- Required work
When you reach the line below that has "Light a space", start returning lines exactly, and stop after the line that has "5 动物王国举行了100米赛跑,下表是各位参赛动物的成绩。"; skip the pictures.

Source material START

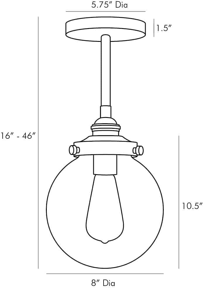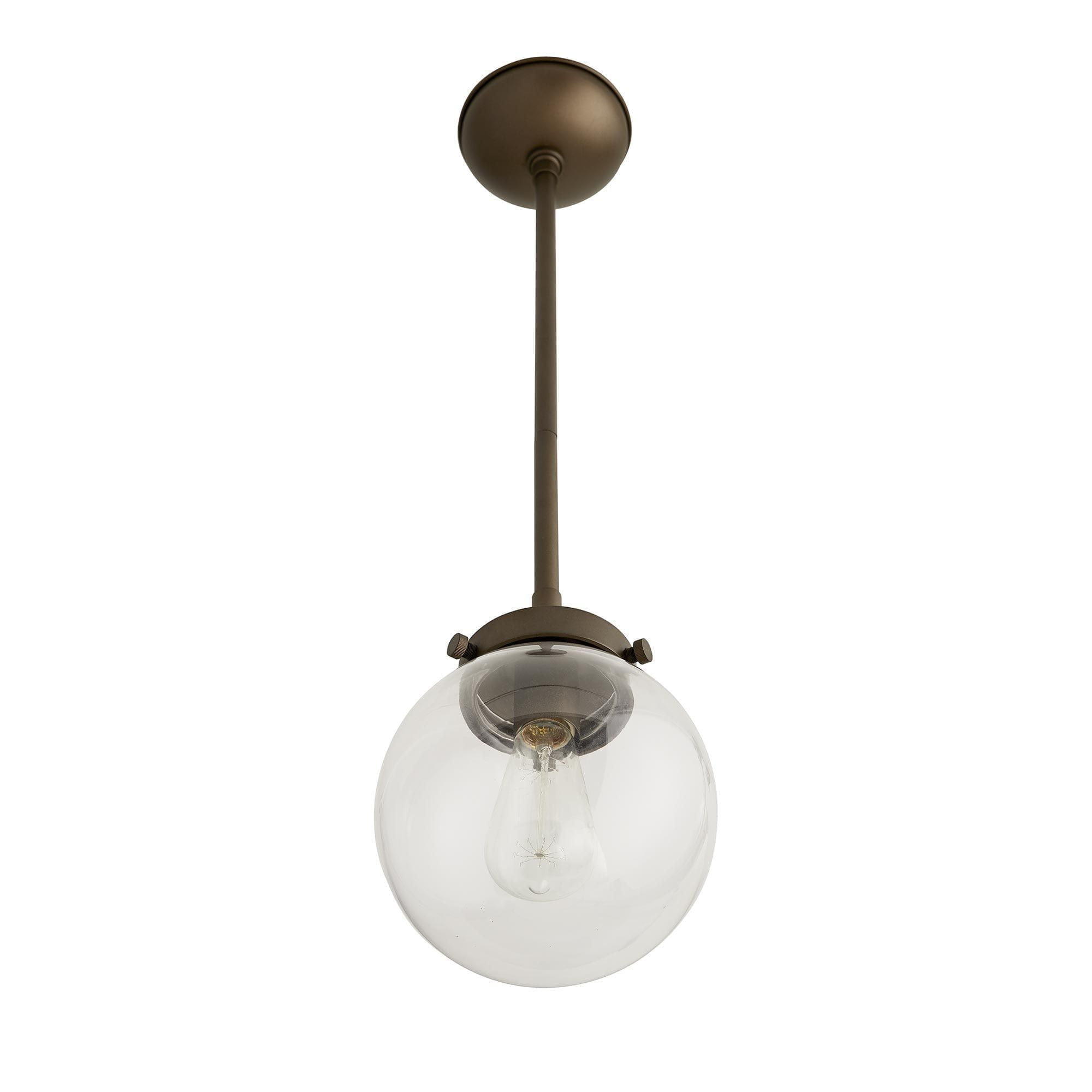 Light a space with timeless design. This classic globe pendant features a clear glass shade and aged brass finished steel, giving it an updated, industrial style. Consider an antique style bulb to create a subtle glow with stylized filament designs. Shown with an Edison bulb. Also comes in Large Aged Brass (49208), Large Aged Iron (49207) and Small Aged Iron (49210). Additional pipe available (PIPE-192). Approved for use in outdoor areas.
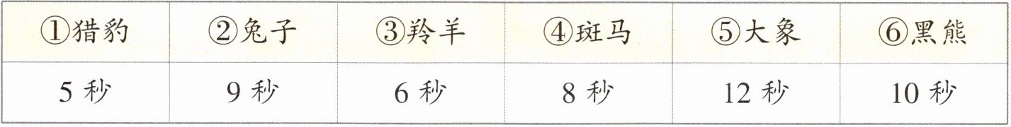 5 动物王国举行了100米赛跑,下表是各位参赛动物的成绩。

Source material END
Source material START

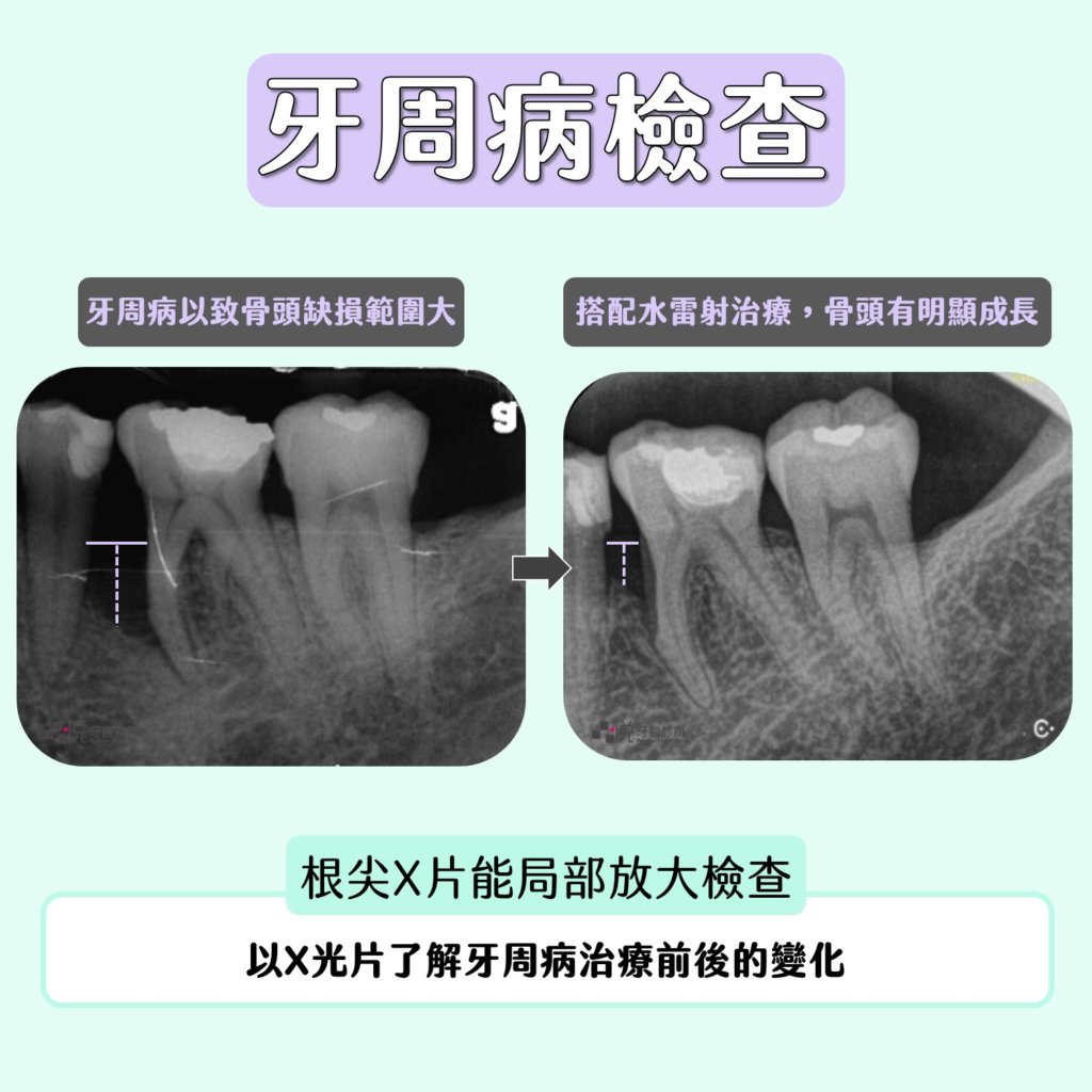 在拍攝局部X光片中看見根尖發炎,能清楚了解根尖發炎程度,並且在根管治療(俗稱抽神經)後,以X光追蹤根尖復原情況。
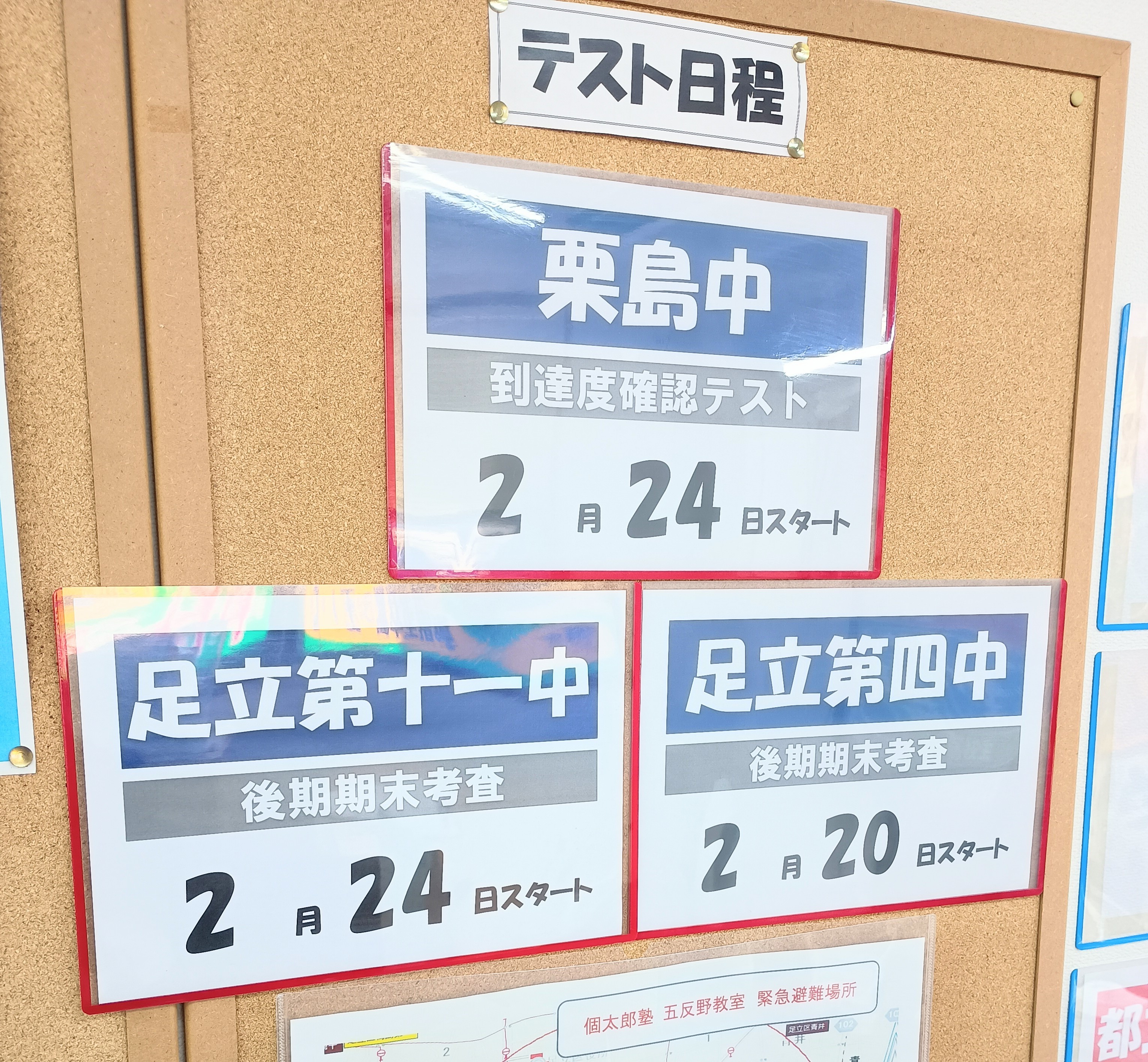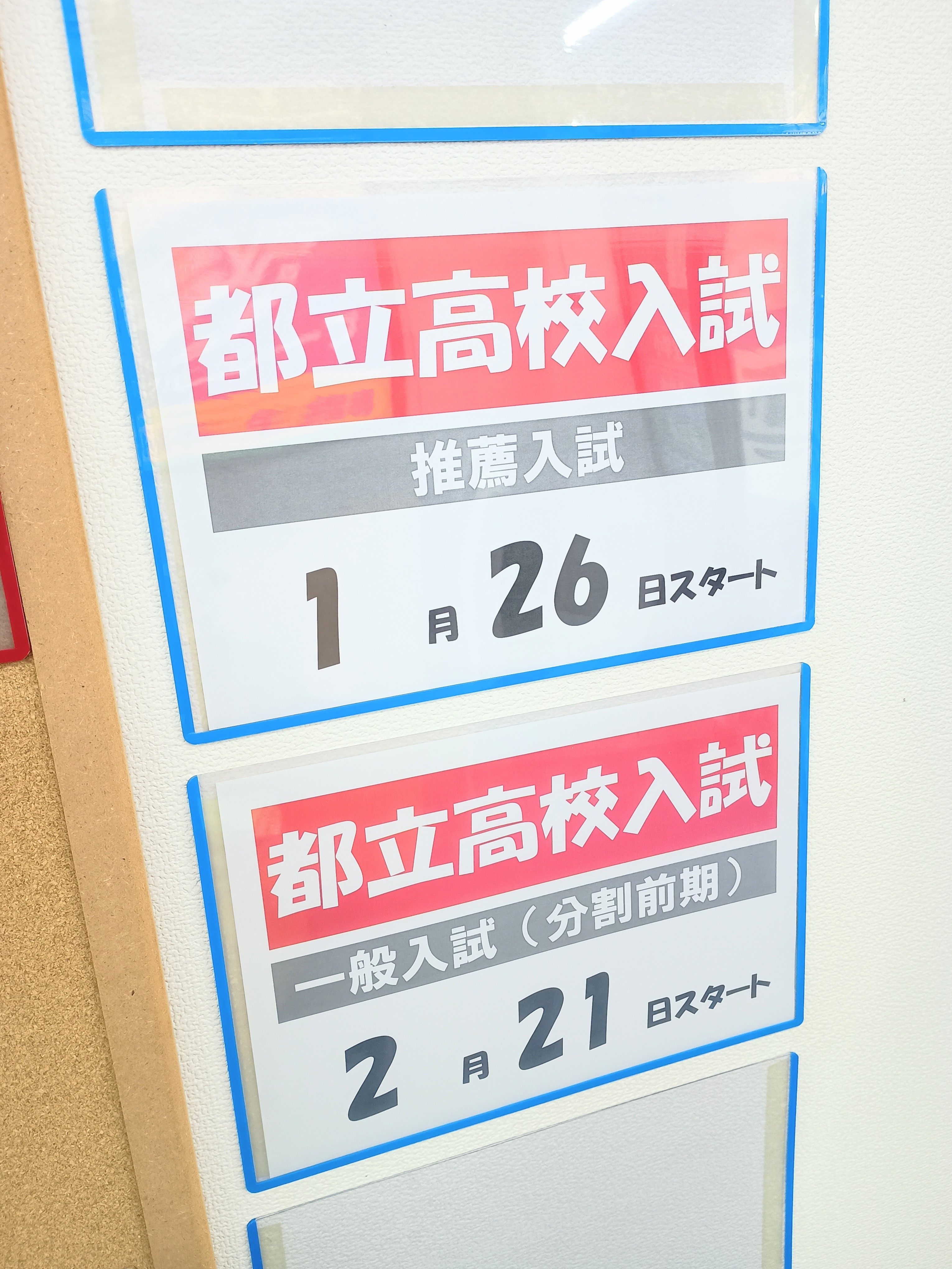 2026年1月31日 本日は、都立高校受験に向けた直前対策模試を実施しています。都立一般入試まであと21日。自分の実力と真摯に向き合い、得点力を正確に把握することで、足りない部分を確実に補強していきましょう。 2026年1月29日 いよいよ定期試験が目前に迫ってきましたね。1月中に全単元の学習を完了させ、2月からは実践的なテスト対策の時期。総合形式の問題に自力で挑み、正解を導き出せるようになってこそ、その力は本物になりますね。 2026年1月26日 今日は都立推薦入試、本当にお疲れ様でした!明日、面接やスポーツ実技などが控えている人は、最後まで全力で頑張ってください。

Source material END
Source material START

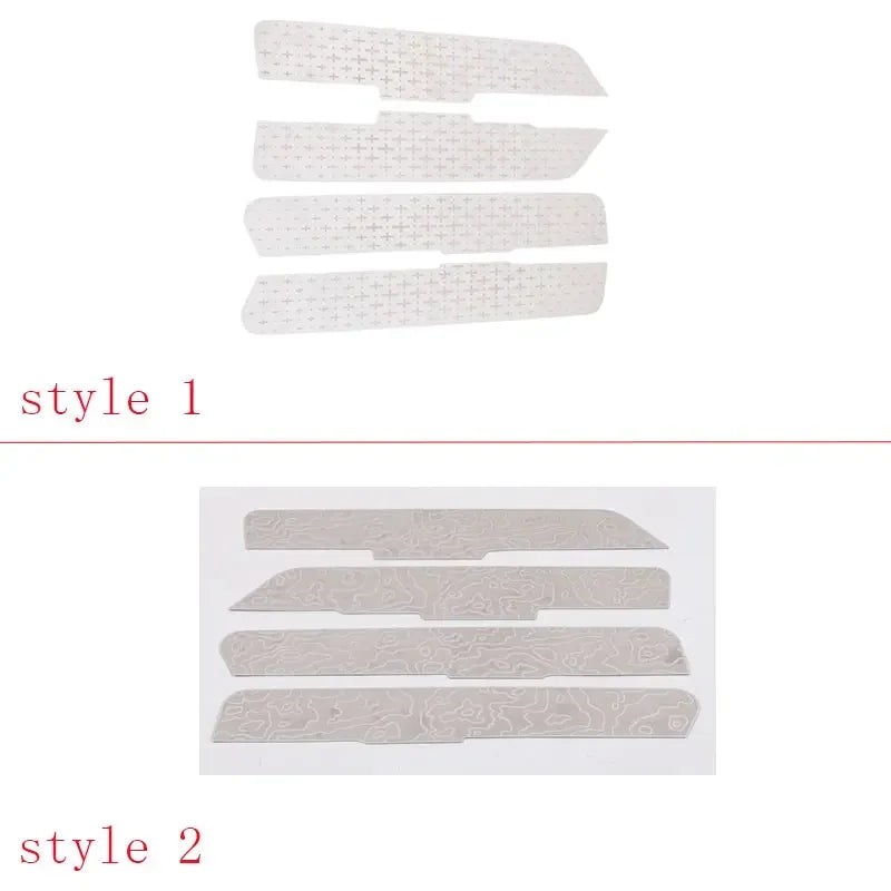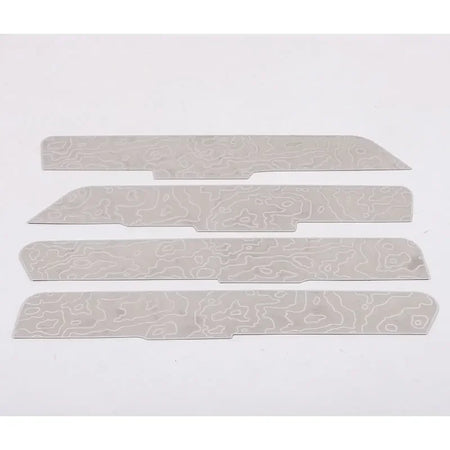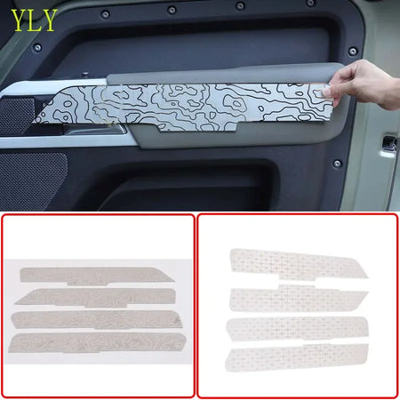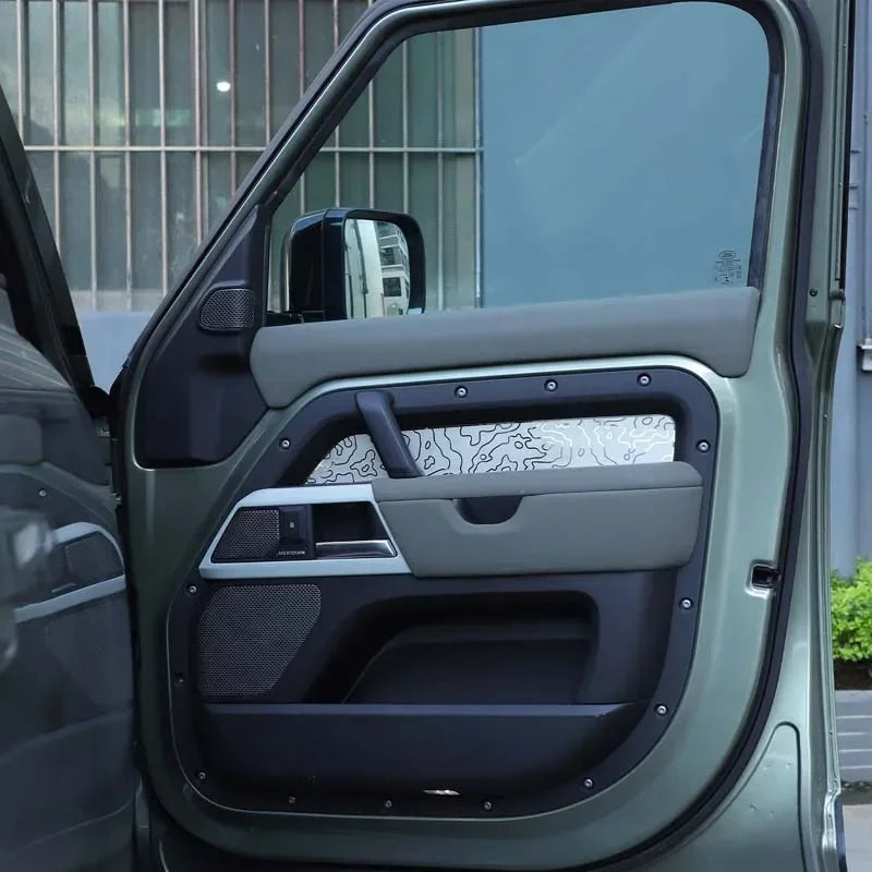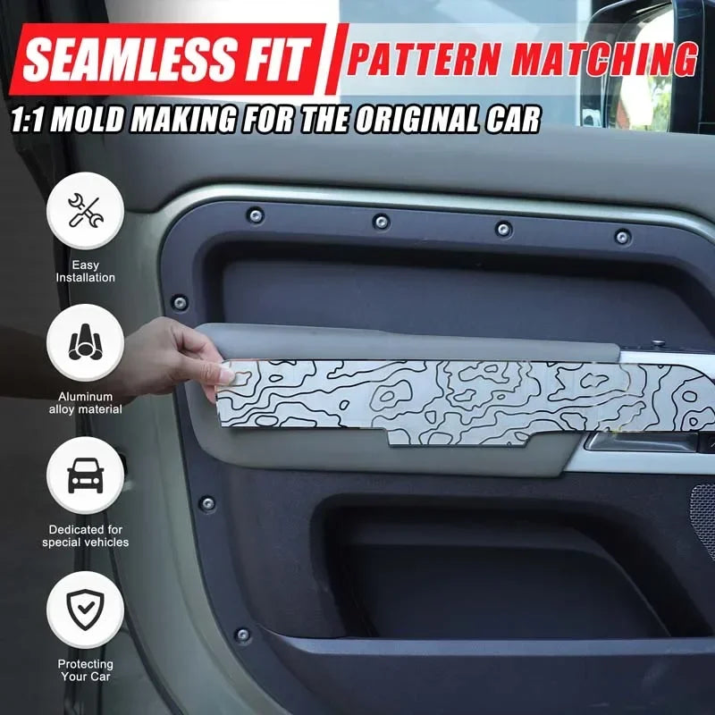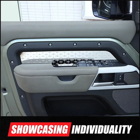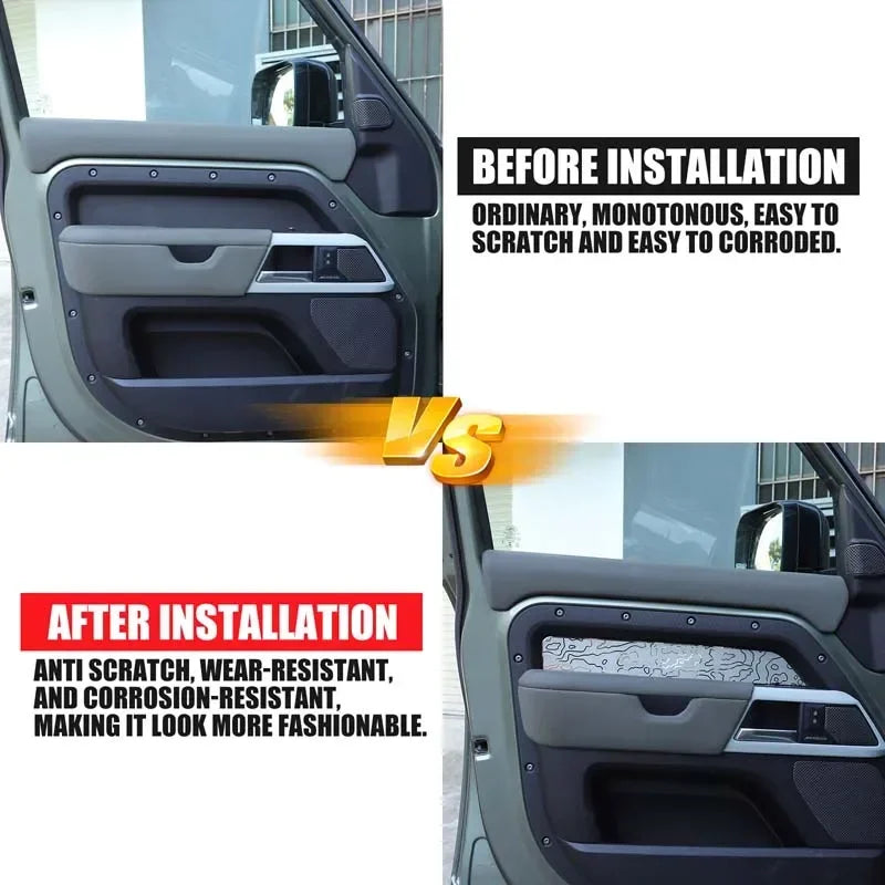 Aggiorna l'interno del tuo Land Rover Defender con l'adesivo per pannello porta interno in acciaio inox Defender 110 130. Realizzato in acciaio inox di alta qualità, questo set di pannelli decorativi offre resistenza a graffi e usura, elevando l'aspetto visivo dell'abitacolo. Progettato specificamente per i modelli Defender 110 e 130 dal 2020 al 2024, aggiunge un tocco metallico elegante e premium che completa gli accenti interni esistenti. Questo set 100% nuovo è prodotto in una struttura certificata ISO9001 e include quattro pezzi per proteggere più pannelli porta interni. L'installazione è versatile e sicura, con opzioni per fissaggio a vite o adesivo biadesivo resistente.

Source material END

- Solution
 Light a space with timeless design. This classic globe pendant features a clear glass shade and aged brass finished steel, giving it an updated, industrial style. Consider an antique style bulb to create a subtle glow with stylized filament designs. Shown with an Edison bulb. Also comes in Large Aged Brass (49208), Large Aged Iron (49207) and Small Aged Iron (49210). Additional pipe available (PIPE-192). Approved for use in outdoor areas.
 5 动物王国举行了100米赛跑,下表是各位参赛动物的成绩。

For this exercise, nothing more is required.